Kirk Goldsberry is one of the most popular figures in the basketball analytics world. He is known mainly for the use of shot charts in his analyses. Here there is an example with all the shots Lebron James has taken in his career:
Happy Birthday, LeBron— Kirk Goldsberry (@kirkgoldsberry) December 30, 2018
His constellation so far... pic.twitter.com/4HuCjTgl4x
Shot charts can be useful for, say, identifying tenedencies on offense of a given player/team, showing what spots on the court a player is most effective at, or analyzing what type of shots a team allows its opponents.
The league that I play in, called LEB Oro, provides shot charts in its platform, Baloncesto en Vivo. For this blog post, I created an R package called
rfeb, that allows us to easily scrape the shot coordinates provided by this website and plot the shot charts of the game or games we want.
Having said that, for some strange reason, the platform Baloncesto en Vivo does not provide any type of selection menu to access games played weeks before (or seasons before). Only the most recent games are visible.

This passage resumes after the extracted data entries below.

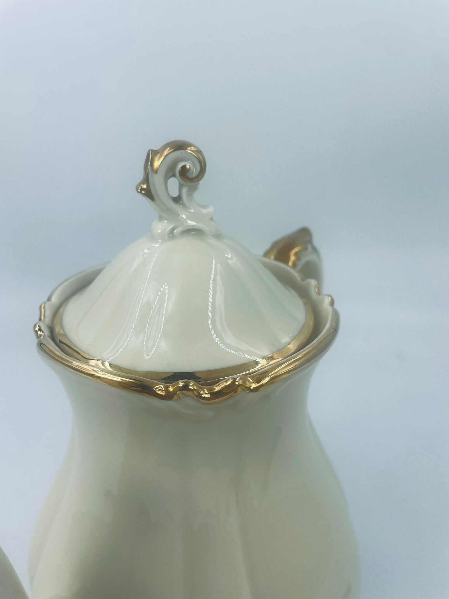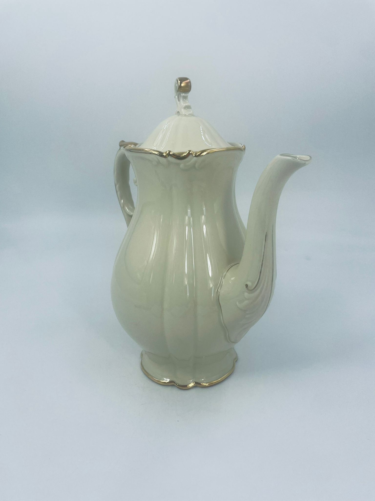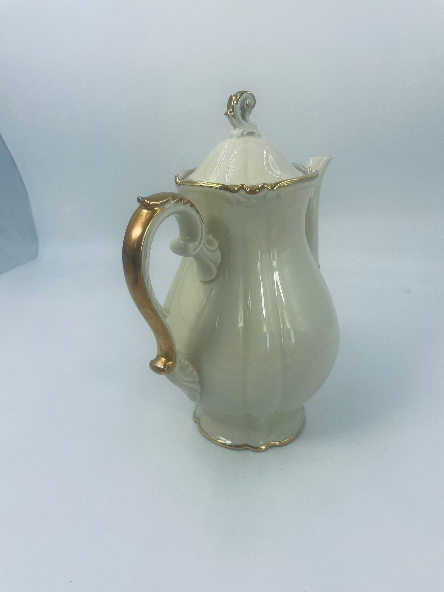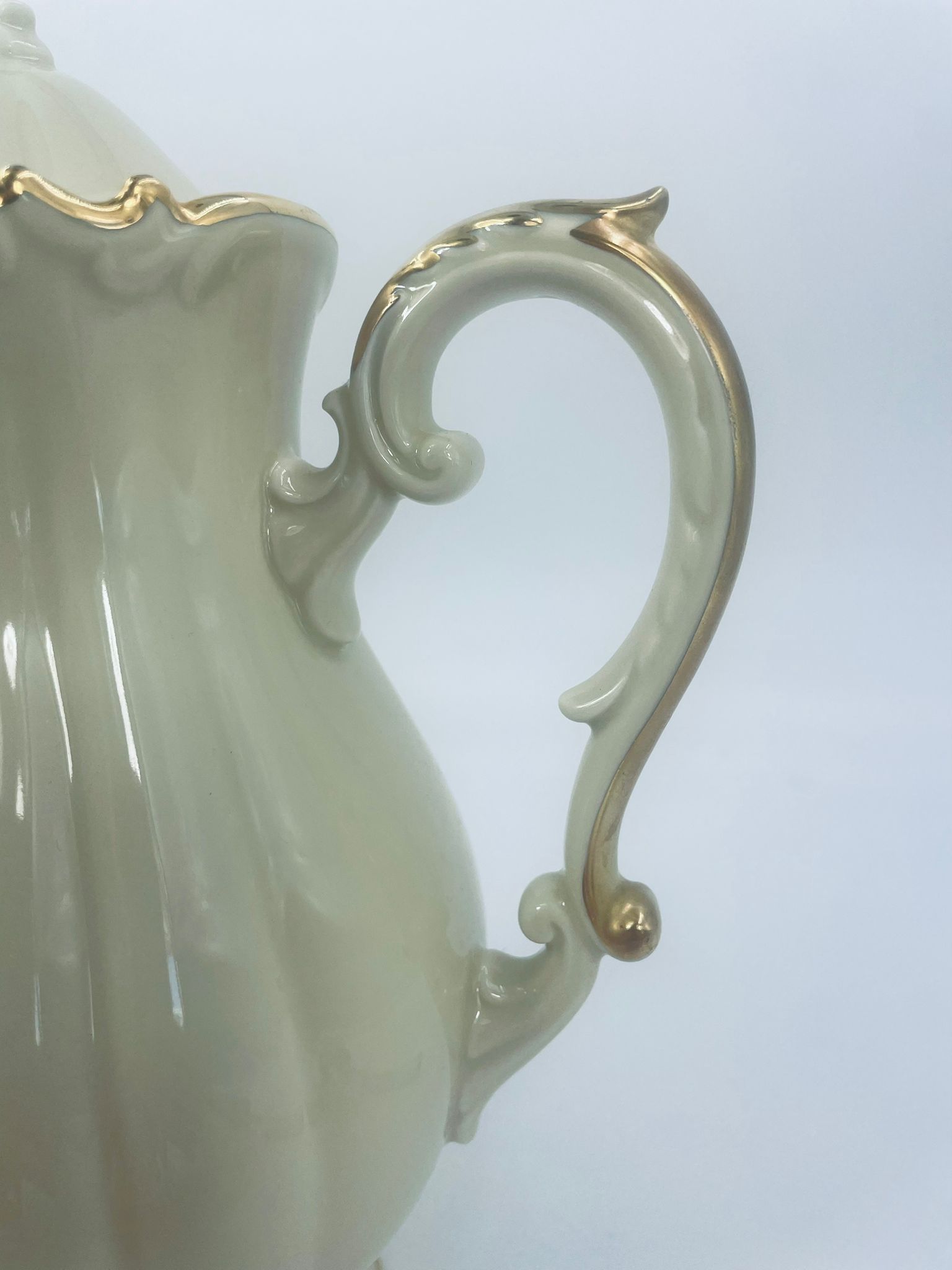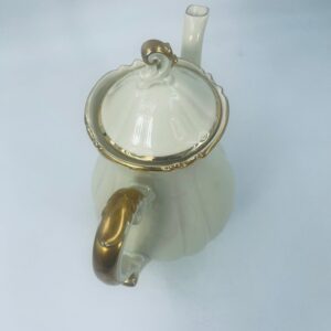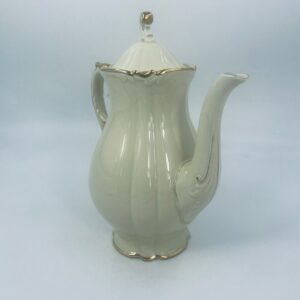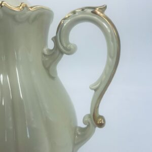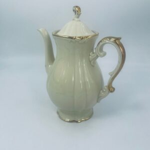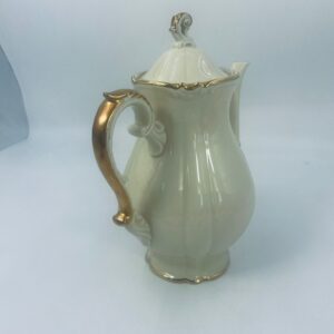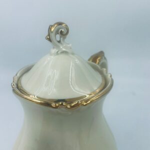 Dzbanek wytwórni Alt Schönwald, wykonany z wysokiej jakości porcelany w kolorze ecru. Posiada eleganckie zdobienia i faliste wykończenia na krawędziach, pozłacane.
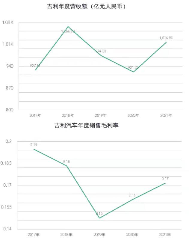財(cái)報(bào)顯示,2017-2020年吉利汽車營收分別為927.61億元、1066億元、974億元和921億元人民幣;汽車銷售毛利率分別為19.46%、18.32%、14.74%和16%。到了2021年,吉利汽車毛利率稍有提升,為17.13%。
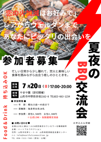 イベント【山形イベント情報7/20】夏夜のBBQ交流会(山形市) 2025年7月20日(日)に、山形市で「夏夜のBBQ交流会」が開催されます。 夏夜のBBQ交流会 日々の忙しさで 「出会いがない…」 「異
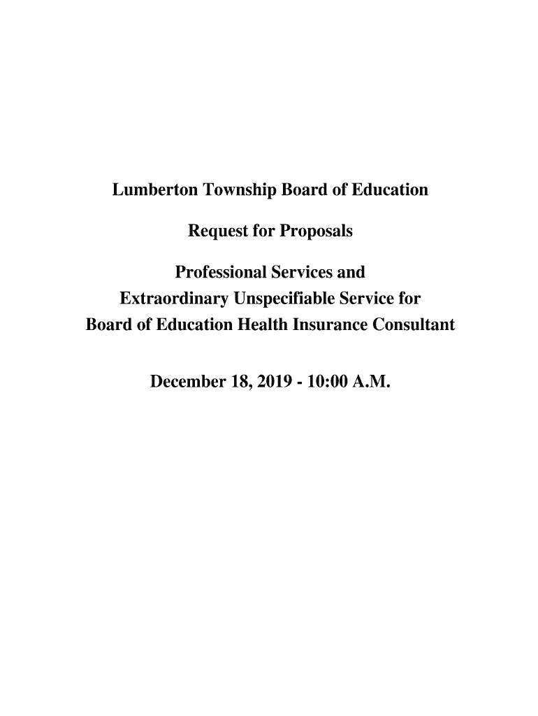 Lumberton Township Board of Education Request for Proposals Professional Services and Extraordinary Unspecifiable Service for Board of Education Health Insurance Consultant December 18, 2019 10:00
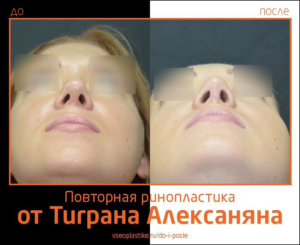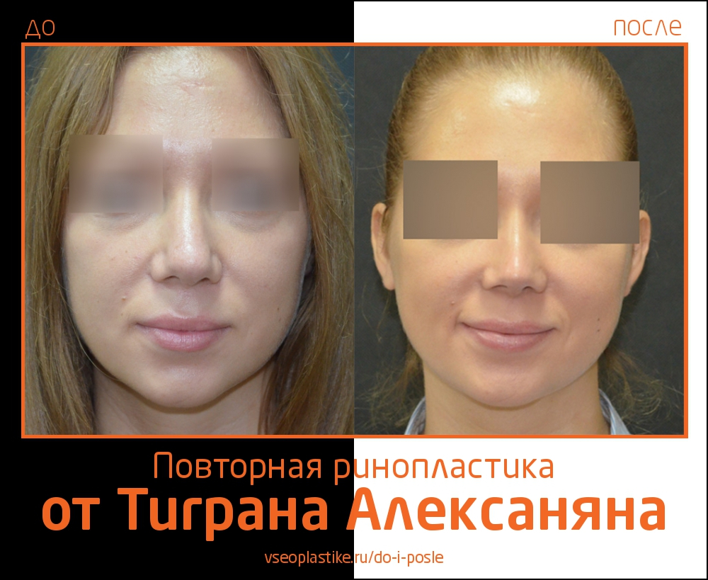 Пациентка Тиграна Алексаняна до и после повторной ринопластики. Данные снимки дают возможность оценить динамику произошедших изменений.
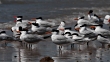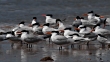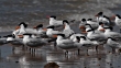 A group of Royal Terns (Thalasseus maximus), Sandwich Terns (Thalasseus sandvicensis), and Common Terns (Sterna hirundo) on the beach of the Bolivar Peninsula, east Texas.
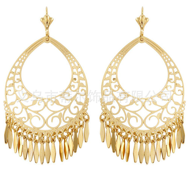 国境を越えた欧米の18k金メッキ金糸の透かし彫り吊り灯式シャンデリアイヤリング女性の美しいイヤリング
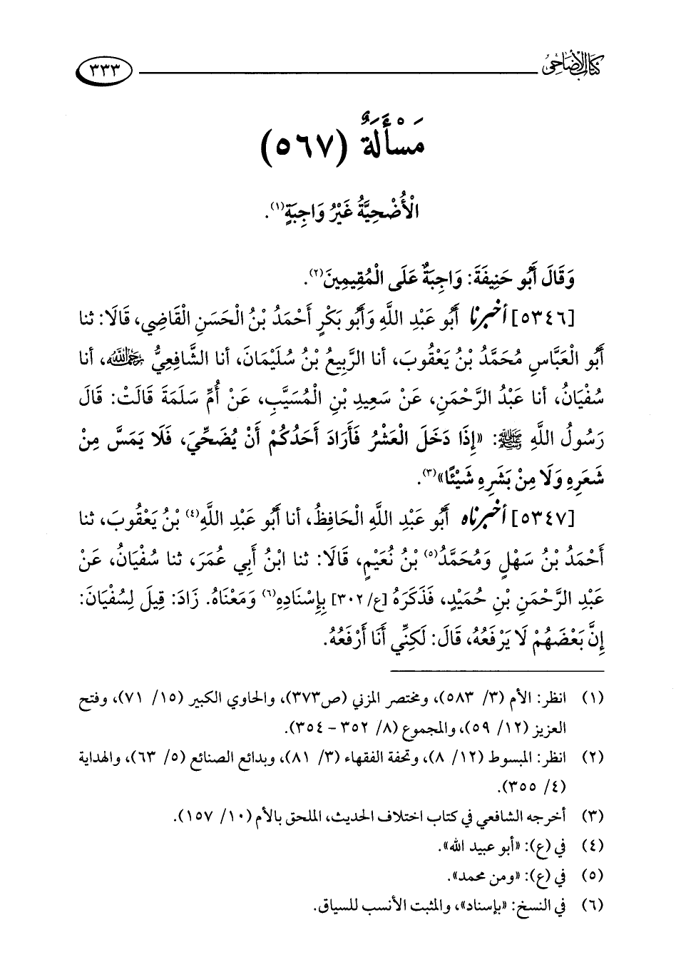 مَسْأَلَةٌ (567): الْأُضْحِيَّةُ غَيْرُ وَاجِبَةٍ (¬1).
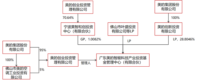 2019年,宁波美智和创投资中心(有限合伙)作为GP,与上市公司全资子公司美的创新投资有限公司、宁波普罗非投资管理有限公司等LP,共同出资设立广东美的智能科技产业投资基金管理中心(有限合伙)。美的资本担任基金管理人,并为基金组建投资决策委员会,享有基金投资管理决策权。基金设立之初,上市公司子公司美的创新投资有限公司出资3亿元(出资比例42.25%),2020年追加出资3亿元,合计出资6亿元(出资比例为29.51%),基金规模最终为20.83亿元。
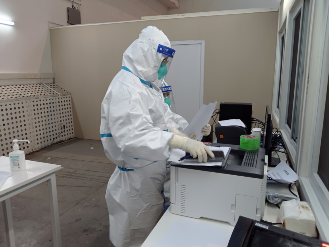 160位医务人员组成的医疗队被迅速分成多个工作小组。医疗组、护理组、感控组、党建工作组、后勤保障组、患者服务保障组、信息数据保障组……一个“小医院”的架构应运而生。方舱内每6小时一班,每班由3位医生和12位护士组成。23日凌晨1点15分,W4舱迎来了第一批感染者。寒冷的冬天,医务人员需要快速登记每一位感染者的信息、询问病情并他们安排入舱位。
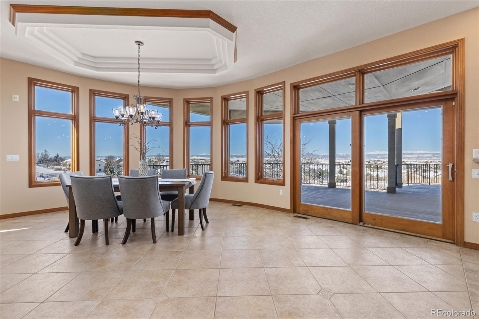 A spectacular 3,800 sq ft ranch completely oriented to panoramic, 270-degree views, this custom residence turns the Colorado horizon into your everyday backdrop from sunrise to star-filled nights. Expansive windows and effortless indooroutdoor connections draw your eye outward the moment you step inside, leading to a huge deck that stretches along the back of the home and feels like a luxury sky terrace. Crafted with 2x6 construction, stucco and stone exterior, and a concrete tile roof, the property is as solid as it is sophisticated, with elevated finishes and thoughtful details at every turn. The gourmet kitchen anchors the home with abundant counter space, premium appliances, and an entertainer-friendly layout that flows into the view-filled great room. The luxurious primary suite captures those same sweeping vistas and is complemented by a spa-style bath and generous wardrobe storage. Set on a 1.5-acre lot, the estate offers rare space and flexibility, including outstanding potential to add an outbuilding, ADU, guest house, multigenerational living, or a private creative retreat. For buyers seeking a true Colorado estate where design, quality, and jaw-dropping views take center stage, this home stands in a class of its own.
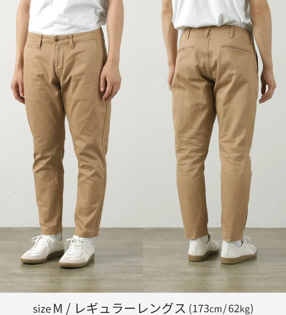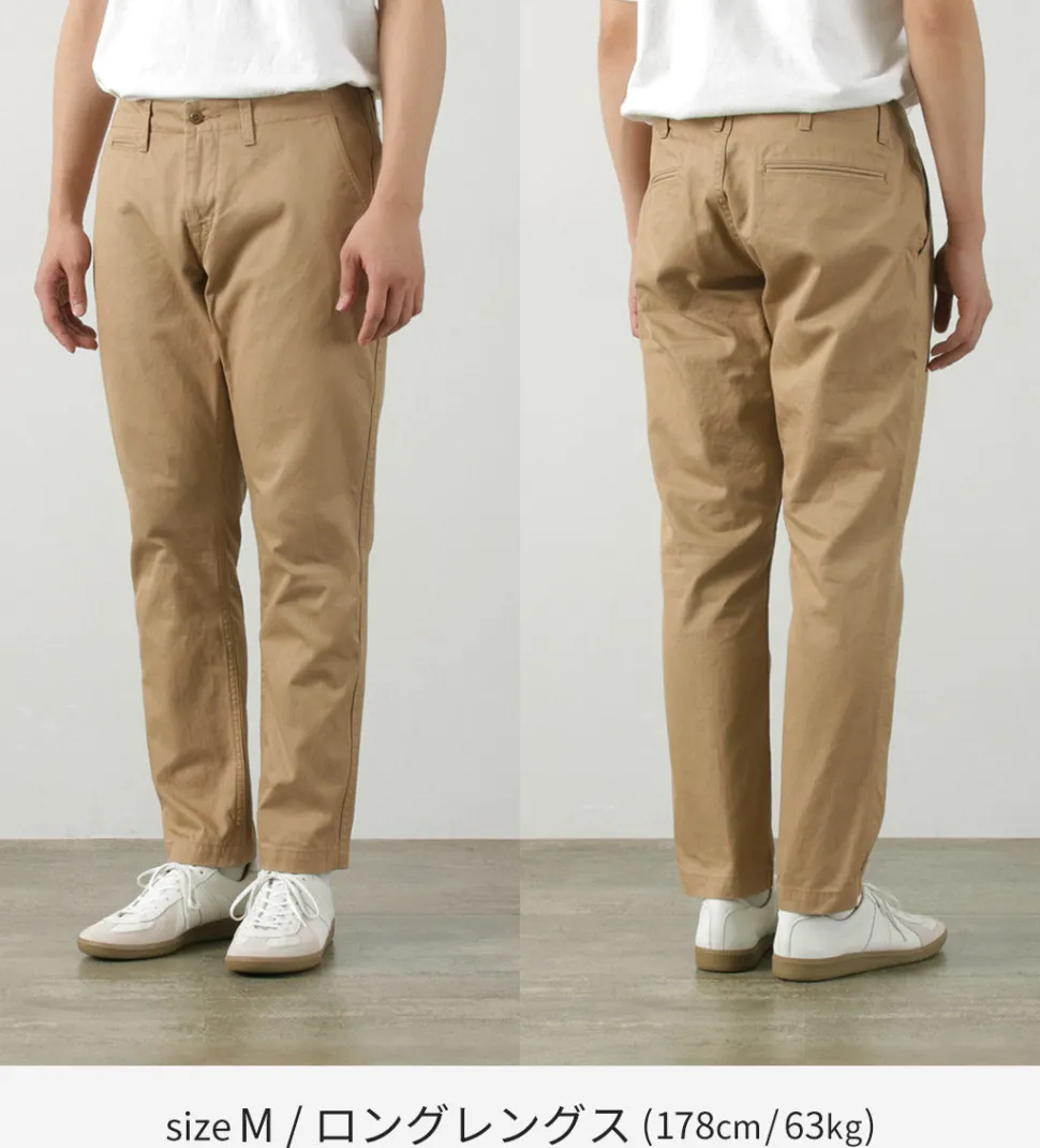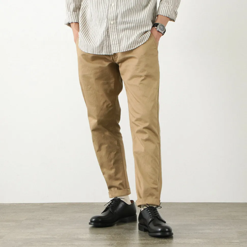 The tapered silhouette is characterized by a considerably wider hip and armpit setting, and a sharply tapered shape from the knee to the hem. Even sportsmen with strong thighs can easily wear these chinos.
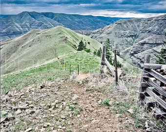 Mountain pass Photograph hiking oregon idaho west western landscape earth blue green peak wooden fence - Blazing a trail - fine art photo
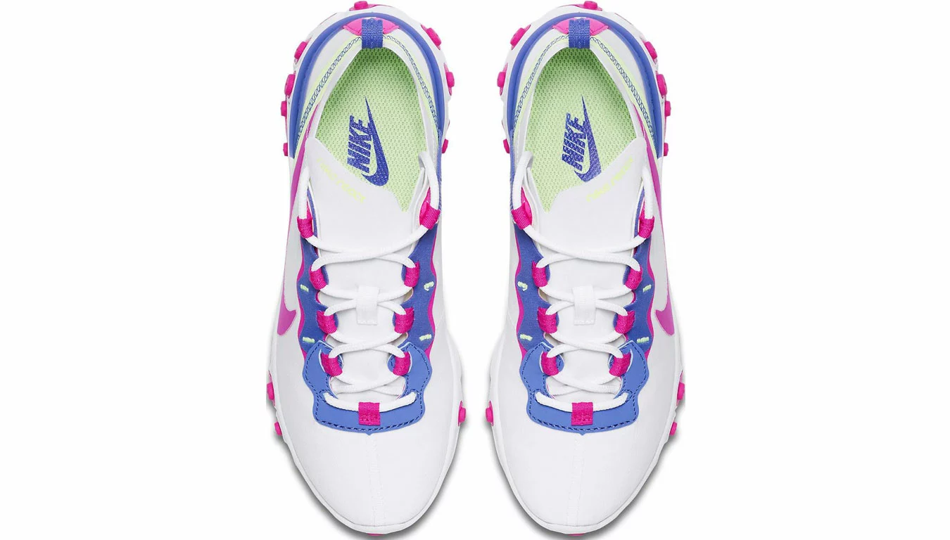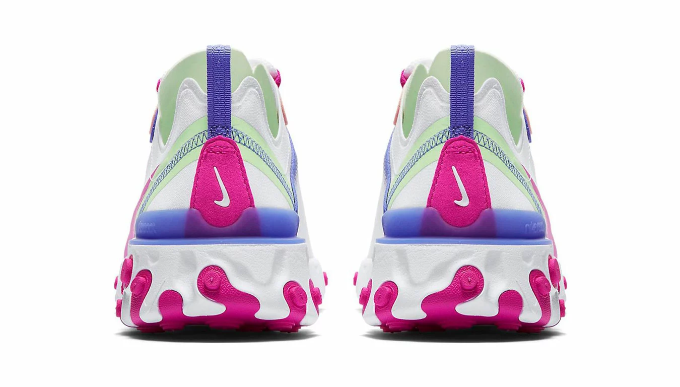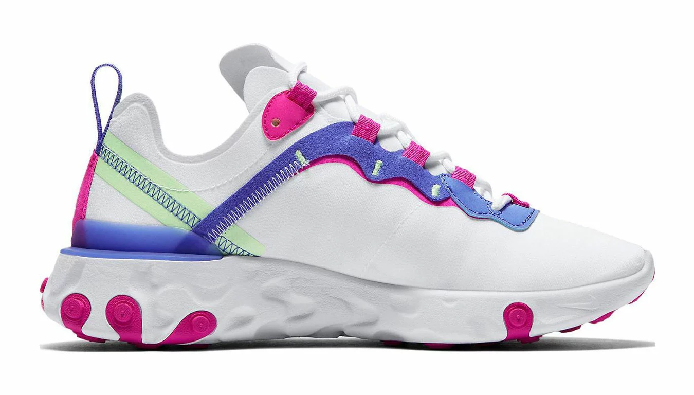 La Nike React Element 55 emprunte les lignes de design des coureurs Nike traditionnels comme l’Internationalist, puis place le tout sur la technologie Nike React.
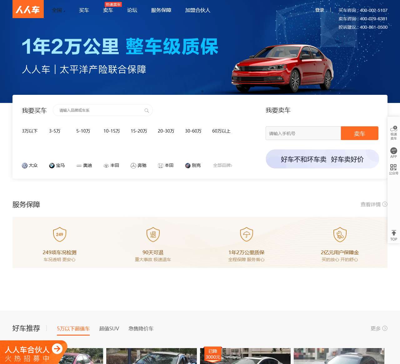买卖二手车,就上人人车!线上二手车交易市场,国内第一家个人二手车交易平台,提供二手车估价、二手车出售、转让,保值率查询,二手车咨询电话:4000350113!
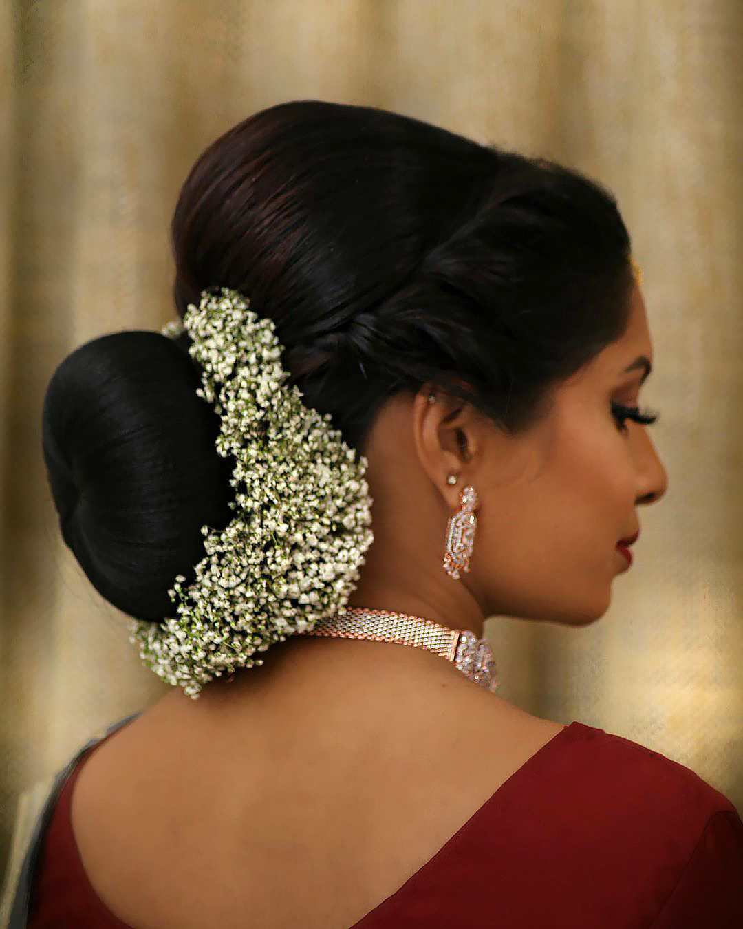 Pick half up half down a high bun a top bun low bun hitch bun ponytail buns space buns cornrow buns chaotic buns braided buns French twisted buns or a side bun. Add some colour your braid with small florals like this bride who has chosen to embed pink and green flowers in her hair to match the colour of her saree. Stylish Fashion For Women.
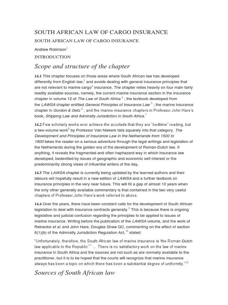 South African Law Of Cargo Insurance Precedent Contractual

It is possible to access previous games if you know the game id and adding it to the base url (http://baloncestoenvivo.feb.es/Game/). However, it appears as if the data gets erased as time goes by. At the moment of writting this post, only the games played before week 13 of this season are available.
Moreover, the data themselves are a bit shaky. As I have come to find out, several gyms in the league produce shot charts that are obviously wrong.
Huesca and Real Canoe are the main suspects. I found several cases but take a look at this game between ZTE Real Canoe and Cerramimbre Valladolid played at the gym of the former. According to the provided shot chart neither one of the two teams shot one shot inside the paint… Until these flagrant errors are eliminated, any analysis done with these data must be taken with a grain of salt.
rfeb is an R package that I created to work with the data available in Baloncesto en Vivo.
rfeb contains two main functions at the moment:
extract_shots(): Scrapes the shot data of the specified game ids
plot_shotchart(): Plots shot charts with these data
rfeb package can be installed as follows:
# install.packages("devtools") devtools::install_github("solmos/rfeb")
You can check out the code of these functions in its Github repository. Note that even though I am going to extract data from my league (LEB Oro), it can also be used to work with the other leagues organized by the Spanish basketball federation (FEB).
So I am going to use
rfeb to show how to plot shot charts with the data from the games played throughout the weekend of 01/11/2019.
The ids of these games go from 2010208 to 2010216. I use
extract_shots() to scrape the shot data for these 9 games. We get a data frame where each row represents a shot taken, for which the following variables were recorded:
t= Time elapsed since the start of the game
y= Shot coordinates
team= The team for which the player taking the shot plays
player= Jersey number of the player that took the shot
quarter= Quarter in which the shot was taken
game= Game id
made= Shot missed (0) or made (1)
library(rfeb) game_ids <- 2010208:2010216 shots <- extract_shots(game_ids) head(shots)
## t x y team player quarter game made ## 1 00:39 715.20 833.85 SÁENZ HORECA ARABERRI 3 1 2010208 Missed ## 2 00:47 824.20 245.25 LEYMA CORUÑA 22 1 2010208 Made ## 3 01:23 1069.45 485.05 LEYMA CORUÑA 4 1 2010208 Missed ## 4 01:35 628.00 523.20 SÁENZ HORECA ARABERRI 10 1 2010208 Missed ## 5 01:43 72.10 283.40 SÁENZ HORECA ARABERRI 3 1 2010208 Missed ## 6 01:48 687.95 207.10 LEYMA CORUÑA 1 1 2010208 Made
Once we have the data, we can use
plot_shotcharts(). This function uses
ggplot2 to plot the shot chart and it is possible to specify the mapping arguments that we want for the
geom_point() geom. For instance, we can color the points according to whether the shot was missed or made.
Below I show all the shots taken in these 9 games in one chart:
plot_shotchart(shots, color = made)
You probably do not want to show all the shots in one chart. It is possible to use other
ggplot2 functions to adapt the plot to our needs. We can use, for instance,
facet_wrap() to obtain a matrix of shotcharts with the different games:
library(ggplot2) plot_shotchart(shots, color = made) + facet_wrap(~ game)
Lastly, I use
dplyr to filter the shots that we want to show. Let’s say I want to see the shots I took in the game against Palencia played during the chosen week. The id for this game is
2010215 and I wear number
library(dplyr) shots %>% filter(game == 2010215 & team == "COVIRAN GRANADA" & player == "41") %>% plot_shotchart(color = made) + ggtitle("Sergio Olmos vs. Palencia")
rfeb is still in development. My plan is to add more functionality to it so that not only shot data can be analyzed but regular stats or play-by-play data can be used as well. I will write more posts as I add more functions to the package.